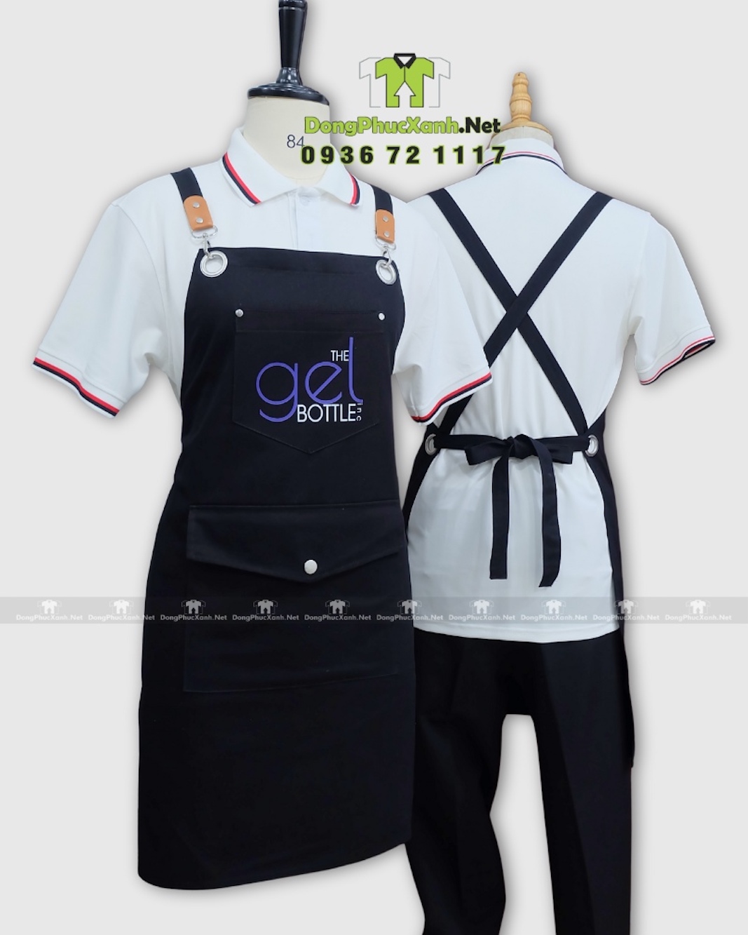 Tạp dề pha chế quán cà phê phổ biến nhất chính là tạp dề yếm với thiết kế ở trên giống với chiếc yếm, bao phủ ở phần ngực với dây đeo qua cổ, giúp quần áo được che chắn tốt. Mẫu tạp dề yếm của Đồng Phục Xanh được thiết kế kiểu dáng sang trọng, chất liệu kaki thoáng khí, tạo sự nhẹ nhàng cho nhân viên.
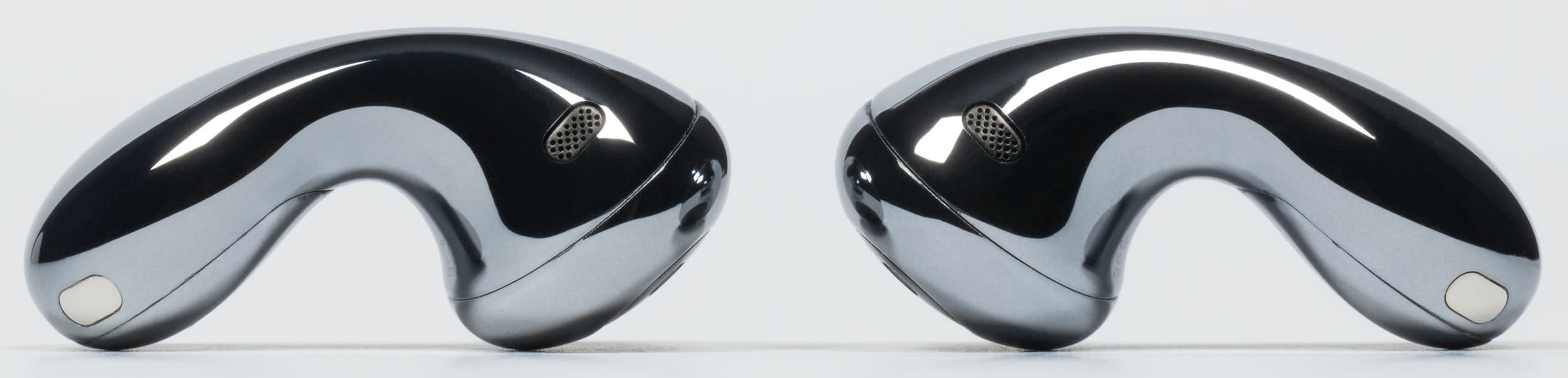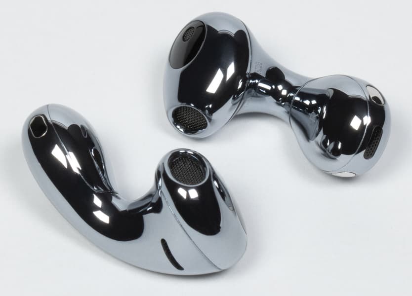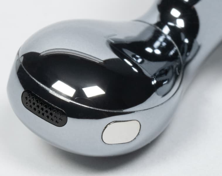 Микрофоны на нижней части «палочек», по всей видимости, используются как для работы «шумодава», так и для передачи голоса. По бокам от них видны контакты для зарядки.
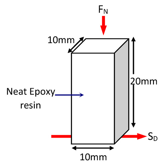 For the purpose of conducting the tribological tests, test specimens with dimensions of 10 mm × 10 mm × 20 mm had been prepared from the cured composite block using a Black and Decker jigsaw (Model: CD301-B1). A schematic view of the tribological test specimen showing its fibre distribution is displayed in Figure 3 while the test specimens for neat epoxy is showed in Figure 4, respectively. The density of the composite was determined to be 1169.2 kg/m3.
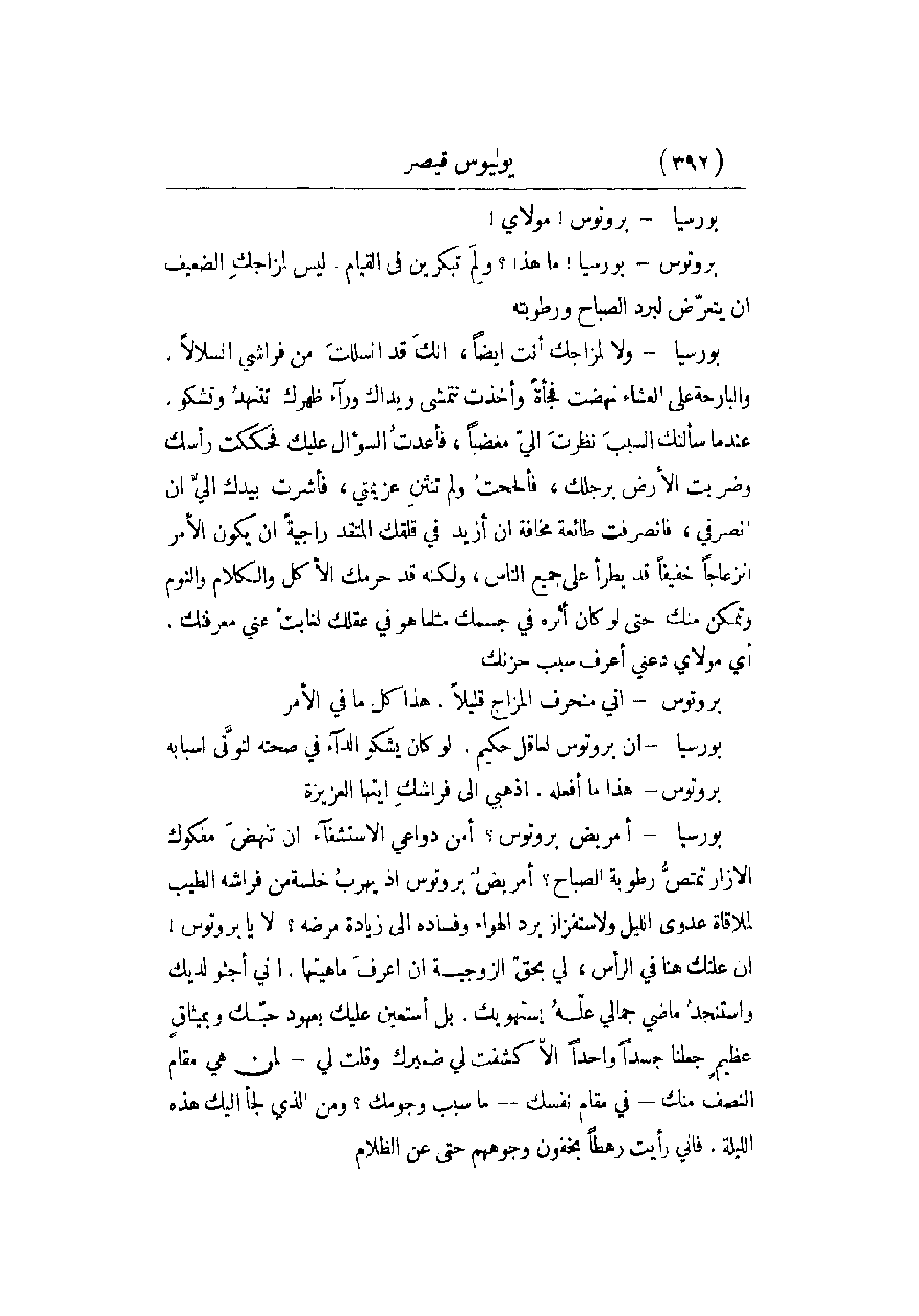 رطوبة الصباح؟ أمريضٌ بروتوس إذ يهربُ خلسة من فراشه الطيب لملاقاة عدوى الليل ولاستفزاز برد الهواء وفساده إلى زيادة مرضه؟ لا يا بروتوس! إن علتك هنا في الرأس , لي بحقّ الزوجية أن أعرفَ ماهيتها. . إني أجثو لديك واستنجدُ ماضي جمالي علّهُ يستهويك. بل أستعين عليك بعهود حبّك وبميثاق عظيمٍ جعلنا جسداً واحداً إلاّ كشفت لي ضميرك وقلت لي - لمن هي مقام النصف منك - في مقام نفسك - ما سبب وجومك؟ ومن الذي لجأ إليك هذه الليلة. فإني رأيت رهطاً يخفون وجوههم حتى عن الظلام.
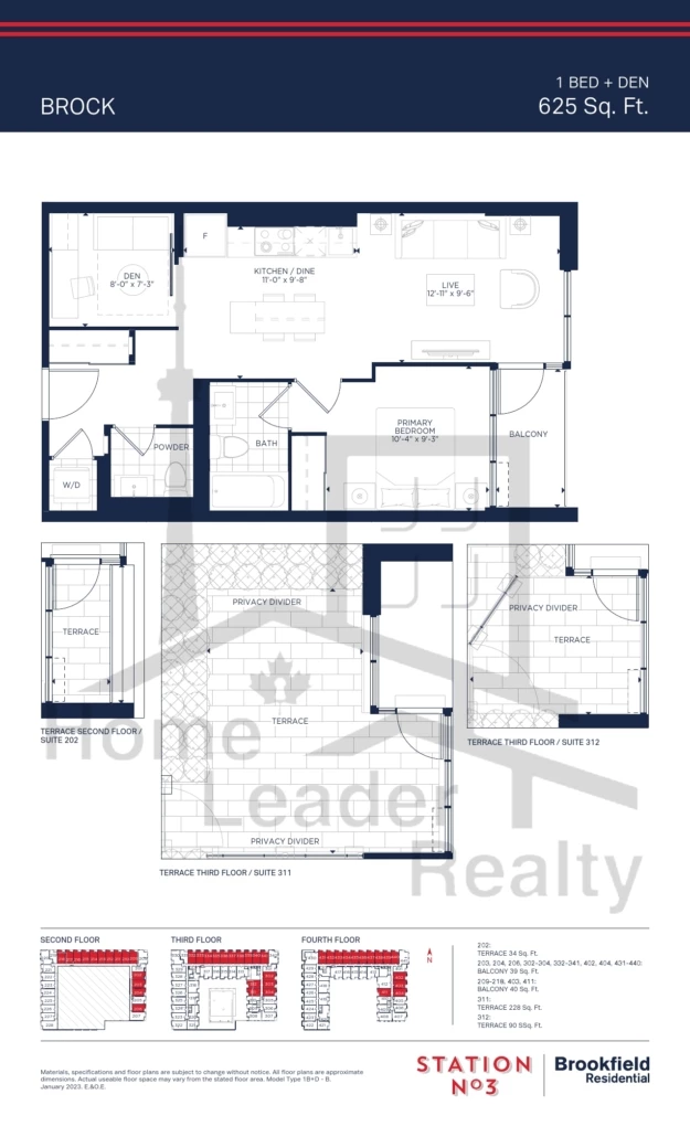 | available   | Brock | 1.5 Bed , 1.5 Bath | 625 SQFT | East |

◆ ◆ ◆ ◆

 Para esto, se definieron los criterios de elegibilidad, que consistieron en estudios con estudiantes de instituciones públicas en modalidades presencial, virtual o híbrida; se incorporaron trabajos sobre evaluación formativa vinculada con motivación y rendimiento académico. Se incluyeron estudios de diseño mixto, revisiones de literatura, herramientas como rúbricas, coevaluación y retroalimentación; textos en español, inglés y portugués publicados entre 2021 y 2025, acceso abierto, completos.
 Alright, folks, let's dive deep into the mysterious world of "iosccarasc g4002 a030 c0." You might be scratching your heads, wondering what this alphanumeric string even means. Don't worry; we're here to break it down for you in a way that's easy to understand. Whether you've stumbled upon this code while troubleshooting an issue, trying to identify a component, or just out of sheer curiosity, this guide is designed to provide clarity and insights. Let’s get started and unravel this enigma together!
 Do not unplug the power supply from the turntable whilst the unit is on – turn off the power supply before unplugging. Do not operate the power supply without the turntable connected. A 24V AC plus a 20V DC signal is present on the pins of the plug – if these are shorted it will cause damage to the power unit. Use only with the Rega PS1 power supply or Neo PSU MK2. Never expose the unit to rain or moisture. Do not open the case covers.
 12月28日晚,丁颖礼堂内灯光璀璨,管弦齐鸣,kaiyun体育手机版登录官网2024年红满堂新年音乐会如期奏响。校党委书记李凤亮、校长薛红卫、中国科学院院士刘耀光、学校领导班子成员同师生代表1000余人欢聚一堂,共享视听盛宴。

◆ ◆ ◆ ◆

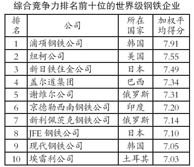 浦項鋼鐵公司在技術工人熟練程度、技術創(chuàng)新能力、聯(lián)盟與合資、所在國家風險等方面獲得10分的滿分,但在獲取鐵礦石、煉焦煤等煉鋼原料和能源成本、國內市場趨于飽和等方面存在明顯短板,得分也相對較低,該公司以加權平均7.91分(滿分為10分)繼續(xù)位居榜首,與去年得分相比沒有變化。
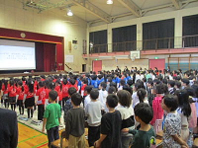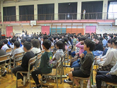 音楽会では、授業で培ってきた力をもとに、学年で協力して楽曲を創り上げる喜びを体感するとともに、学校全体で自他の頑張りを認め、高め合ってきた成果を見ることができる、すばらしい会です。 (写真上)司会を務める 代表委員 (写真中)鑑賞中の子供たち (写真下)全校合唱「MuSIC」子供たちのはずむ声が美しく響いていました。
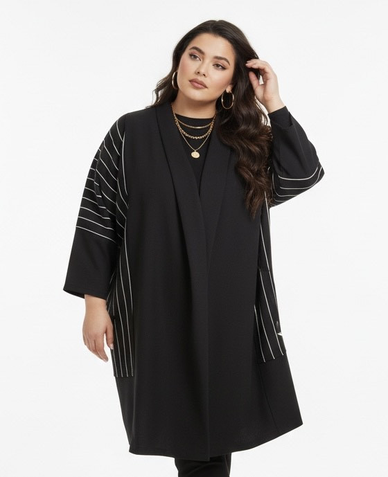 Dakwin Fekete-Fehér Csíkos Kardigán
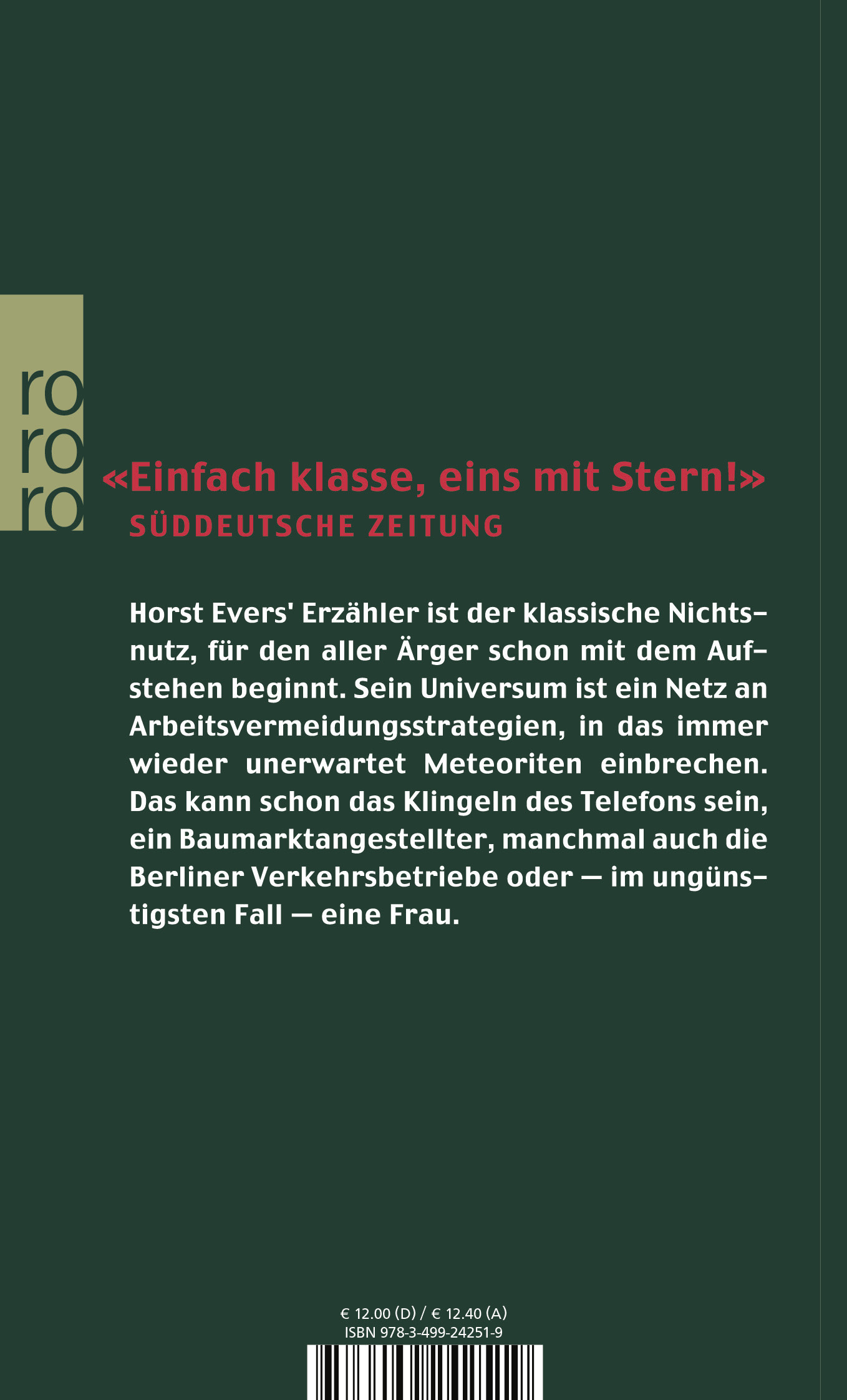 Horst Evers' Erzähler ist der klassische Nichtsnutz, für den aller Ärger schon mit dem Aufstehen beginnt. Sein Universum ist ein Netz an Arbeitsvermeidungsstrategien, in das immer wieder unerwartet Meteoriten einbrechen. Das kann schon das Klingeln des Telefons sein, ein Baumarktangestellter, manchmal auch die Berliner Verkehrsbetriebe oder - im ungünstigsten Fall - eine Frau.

◆ ◆ ◆ ◆

From the material above, reproduce only what runs from the line holding "Tạp dề pha chế" down to the line holding "SQFT | East |", both included, pictures excluded.

→ Solution below:
 Tạp dề pha chế quán cà phê phổ biến nhất chính là tạp dề yếm với thiết kế ở trên giống với chiếc yếm, bao phủ ở phần ngực với dây đeo qua cổ, giúp quần áo được che chắn tốt. Mẫu tạp dề yếm của Đồng Phục Xanh được thiết kế kiểu dáng sang trọng, chất liệu kaki thoáng khí, tạo sự nhẹ nhàng cho nhân viên.
 Микрофоны на нижней части «палочек», по всей видимости, используются как для работы «шумодава», так и для передачи голоса. По бокам от них видны контакты для зарядки.
 For the purpose of conducting the tribological tests, test specimens with dimensions of 10 mm × 10 mm × 20 mm had been prepared from the cured composite block using a Black and Decker jigsaw (Model: CD301-B1). A schematic view of the tribological test specimen showing its fibre distribution is displayed in Figure 3 while the test specimens for neat epoxy is showed in Figure 4, respectively. The density of the composite was determined to be 1169.2 kg/m3.
 رطوبة الصباح؟ أمريضٌ بروتوس إذ يهربُ خلسة من فراشه الطيب لملاقاة عدوى الليل ولاستفزاز برد الهواء وفساده إلى زيادة مرضه؟ لا يا بروتوس! إن علتك هنا في الرأس , لي بحقّ الزوجية أن أعرفَ ماهيتها. . إني أجثو لديك واستنجدُ ماضي جمالي علّهُ يستهويك. بل أستعين عليك بعهود حبّك وبميثاق عظيمٍ جعلنا جسداً واحداً إلاّ كشفت لي ضميرك وقلت لي - لمن هي مقام النصف منك - في مقام نفسك - ما سبب وجومك؟ ومن الذي لجأ إليك هذه الليلة. فإني رأيت رهطاً يخفون وجوههم حتى عن الظلام.
 | available   | Brock | 1.5 Bed , 1.5 Bath | 625 SQFT | East |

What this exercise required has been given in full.